The purpose of this study is to compare the safety, tolerability, pharmacokinetic and pharmacodynamic properties of single doses of TAK-329 with a single dose of a subcutaneously-injected rapid-acting insulin analog in participants with type 1 diabetes mellitus.


Clinical Trial Description

Type 1 diabetes mellitus (T1DM), also known as insulin-dependent diabetes mellitus or juvenile-onset diabetes, occurs primarily due to β-cell destruction, usually leading to absolute insulin deficiency.

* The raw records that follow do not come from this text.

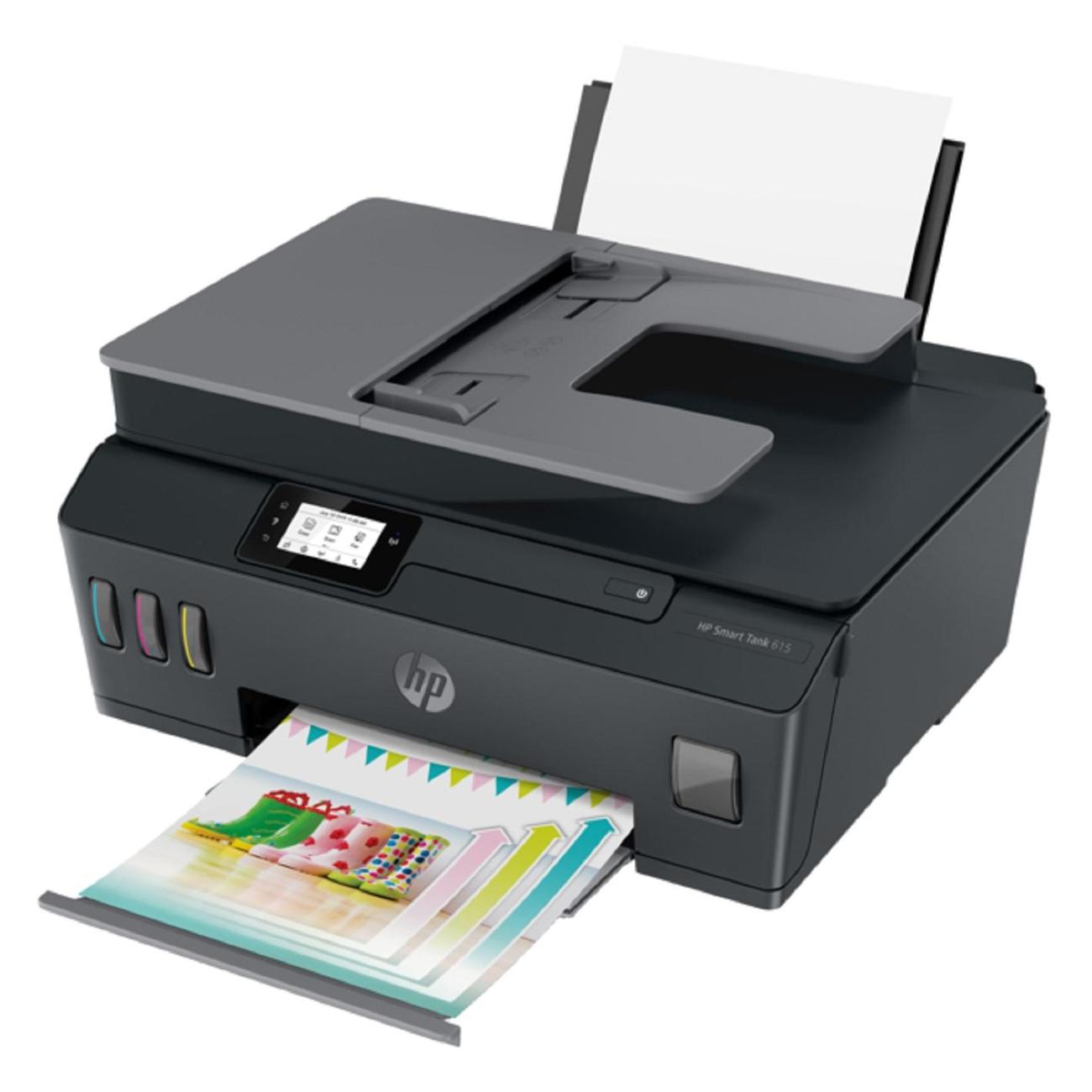 Цветное струйное МФУ HP Smart Tank 615 AiO (Y0F71A/I) обладает специальными механизмами для простой замены печатающих головок с системой защиты от проливаний. В комплекте поставляются шесть картриджей серии GT50, три из них — черные. Встроенный датчик обеспечивает контроль уровня расхода чернил.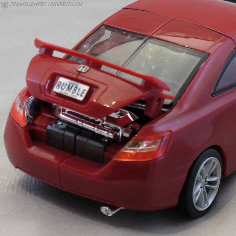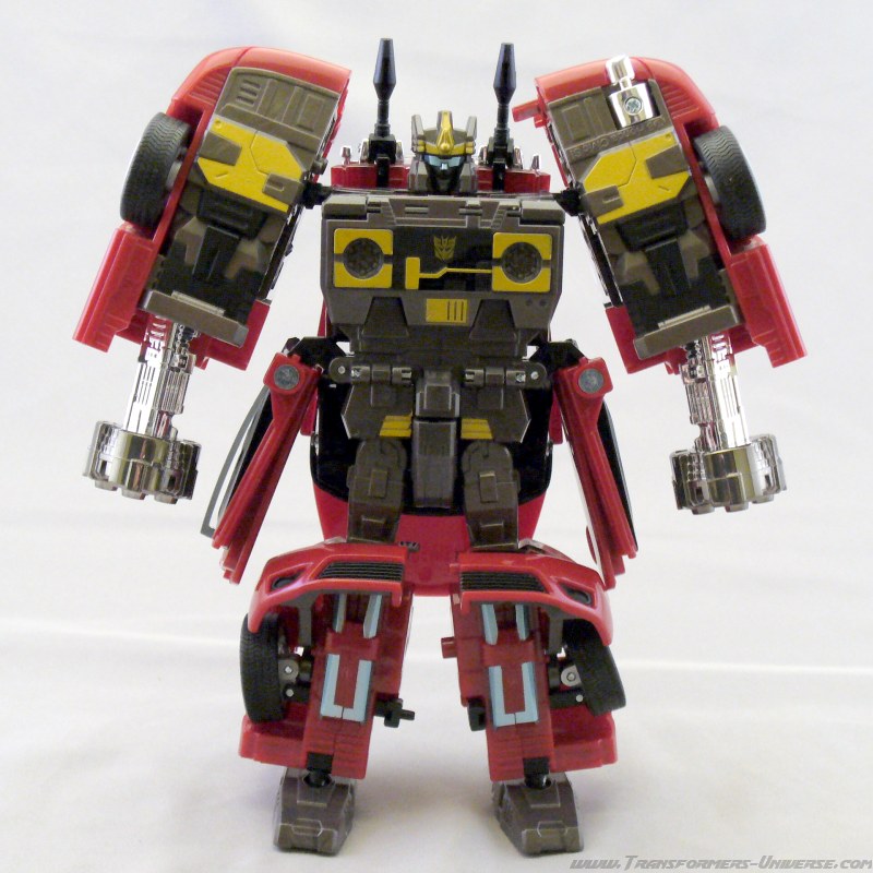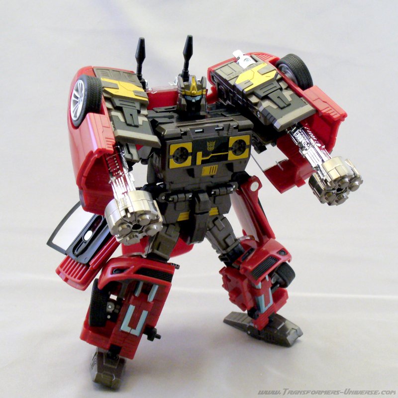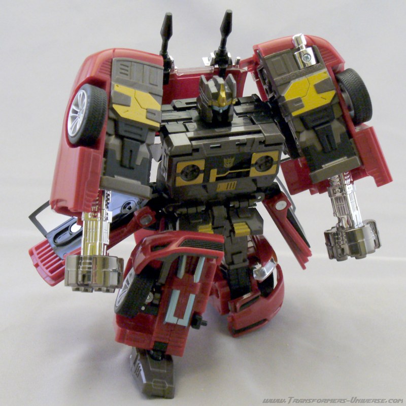 Remarks: Let's not get into the whole thing of whether Rumble is the blue or the red one. In the Alternators line, he definitely IS the red one. Rumble, along with Ravage, came out in the final wave of Alternators toys in the US. Those two are also the only Decepticon Alternators with molds that weren't used for Autobots first. Rumble is also the only Alternator toy with a spring-loaded gimmick, his piledriver arms. Of course he sacrificed his hands for it. Rumble was never released in Binaltech or any of its follow-ups, so it's exclusively an Alternators toy.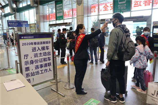 顺德客运总站内,工作人员给进站旅客检测体温。/顺德客运总站供图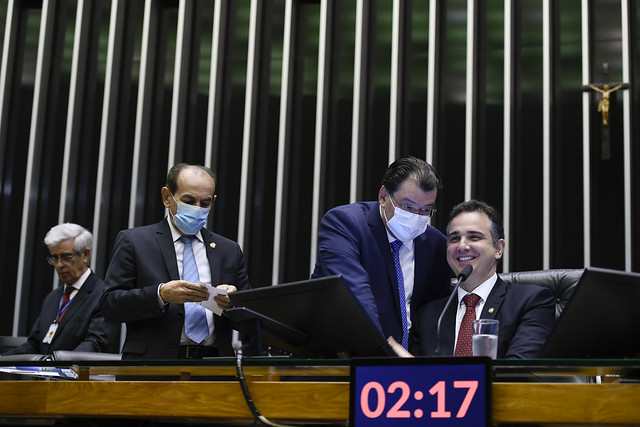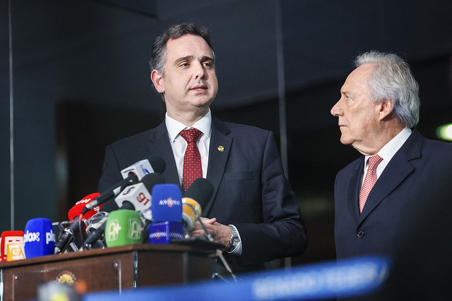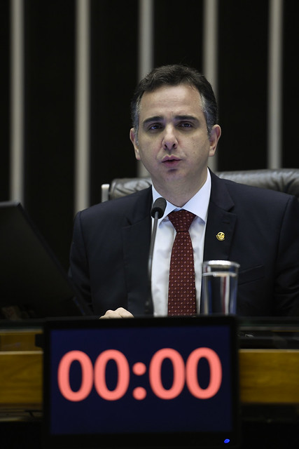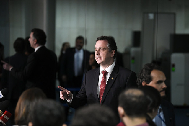 O presidente do Senado Federal, senador Rodrigo Pacheco (PSD-MG), concede entrevista após sessão do Congresso Nacional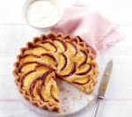 100 g sladkorja 140 g masla 2 jajci 140 g mletih mandljev 50 g moke 3 breskve breskova ali marelična marmelada moka za delovno površino stepena sladka smetana, ko postrežemo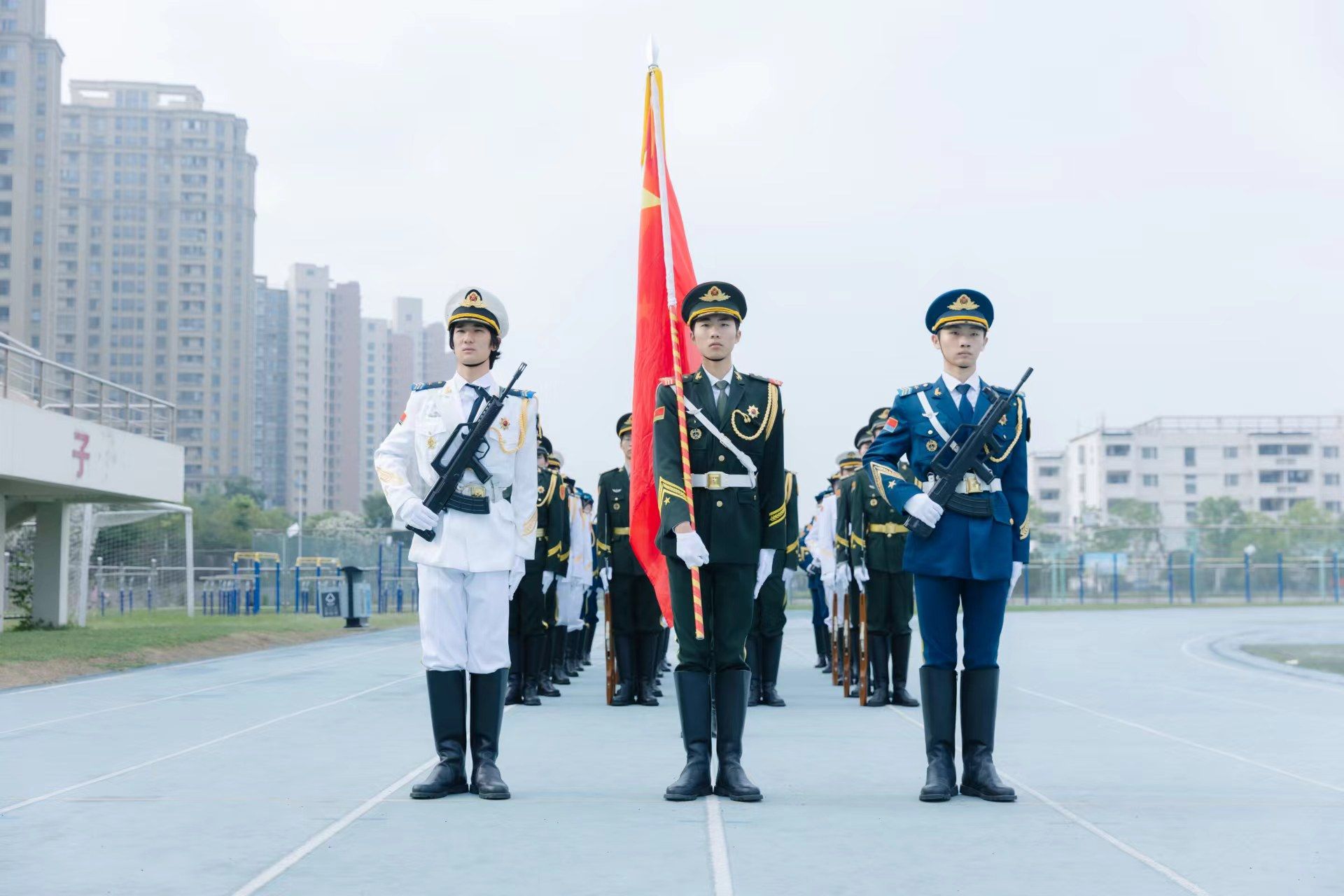 仪式现场,国旗护卫队的同学们步伐铿锵,动作整齐划一,展现了金科学子的纪律性和集体荣誉感。当国歌响起,全场肃立,每个人的表情都显得格外庄重,这是对国家的尊重,也是对自己身份的认同。
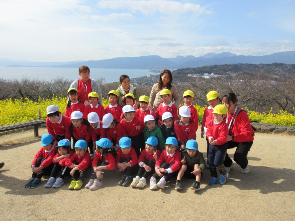 2026年2月19日 卒園遠足 2026年2月26日 ShimizuShin ゆり組さん、待ちに待った卒園遠足の日を迎えました。園庭で朝のお祈りをして出発です。 二宮駅を降りで、吾妻山までは坂道や長い階段をがんばって歩きました。 吾妻山の頂上に到着、礼拝のあと、ちょうど見ごろを迎えた菜の花や素敵な景色をバックに記念撮影をしました。 様々な遊具で仲良く楽しい時間を過ごしました。 楽しみにしていたローラーすべり台、長い階段を登って何度もすべるお友だちもいました。 お弁当の時間です。グループごとにおしゃべりをしながら楽しい時間を過ごしました。 少し疲れたけれど、帰りも電車と徒歩で元気に園まで戻りました。またひとつ、素敵な思い出が増えましたね。 Categories: 園の毎日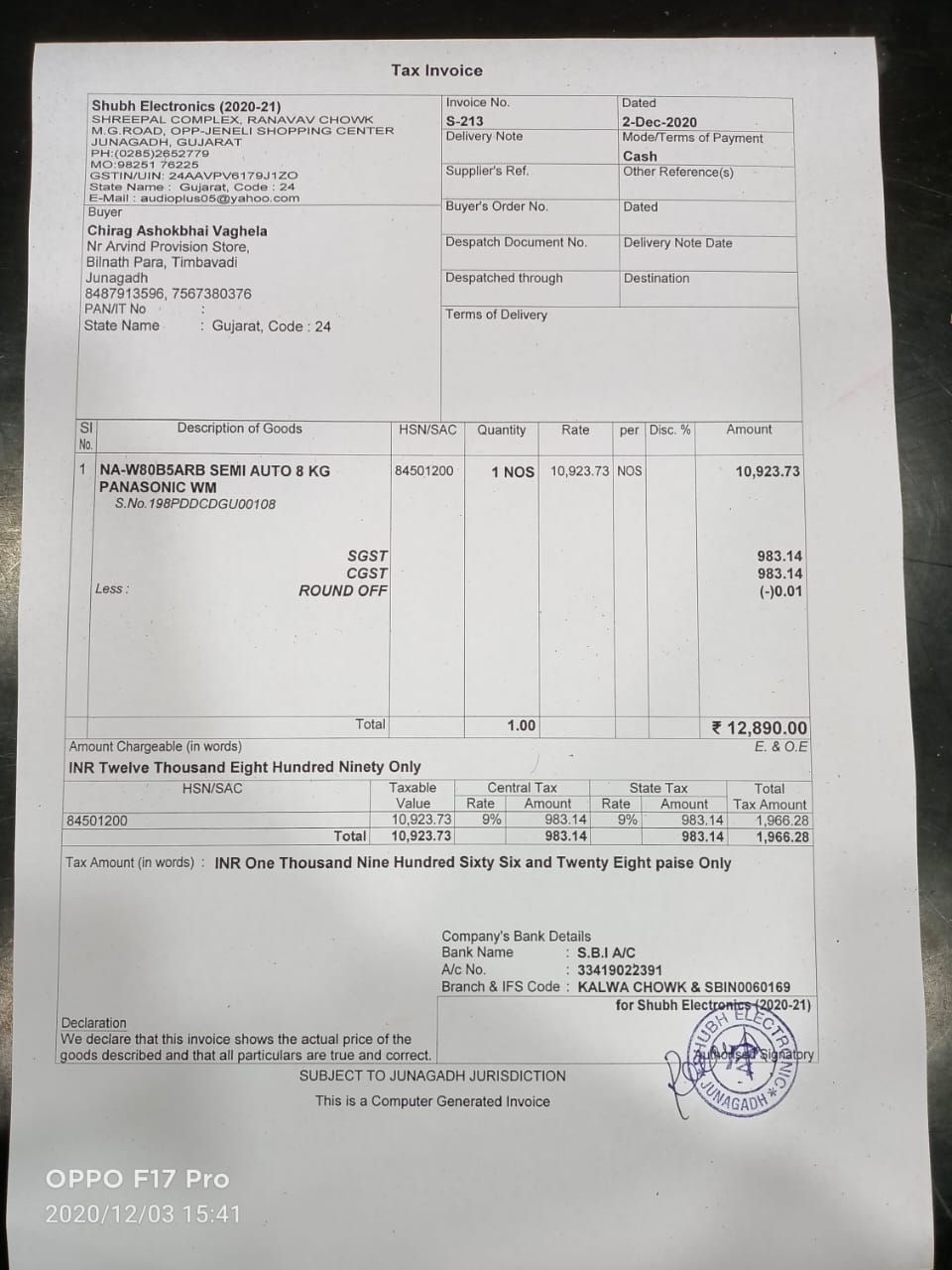 Invoive Number s-213

The condition is immune-mediated and is usually idiopathic. Tight glycemic control using intensive insulin therapy was shown in the Diabetes Control and Complications Trial (DCCT) to reduce rates of microvascular complications in T1DM; however, achieving and maintaining such control in T1DM using standard insulin therapy requires a high level of support and is associated with increased potential for hypoglycemia, increased weight gain and, in some patients, aggravation of cardiovascular risk factors including dyslipidemia.

TAK-329 is being developed by Takeda Global Research & Development Center, Inc. (TGRD) as an adjunct treatment to improve glycemic control in patients with type 1 diabetes mellitus who use insulin therapy.

This study will take place at 1 site in the United States. A total of 36 male and female adult participants with T1DM will take part in the study.

The study will last about 77 days, including a 28 days screening period, 4 cross-over treatment periods and a follow up period. Participants will be confined to the study clinic for 2 days in each period. Participants will also be contacted by phone 30 days following the last dose of study drug. ;


Study Design

Allocation: Randomized, Endpoint Classification: Pharmacokinetics/Dynamics Study, Intervention Model: Crossover Assignment, Masking: Double Blind (Subject, Caregiver, Investigator, Outcomes Assessor)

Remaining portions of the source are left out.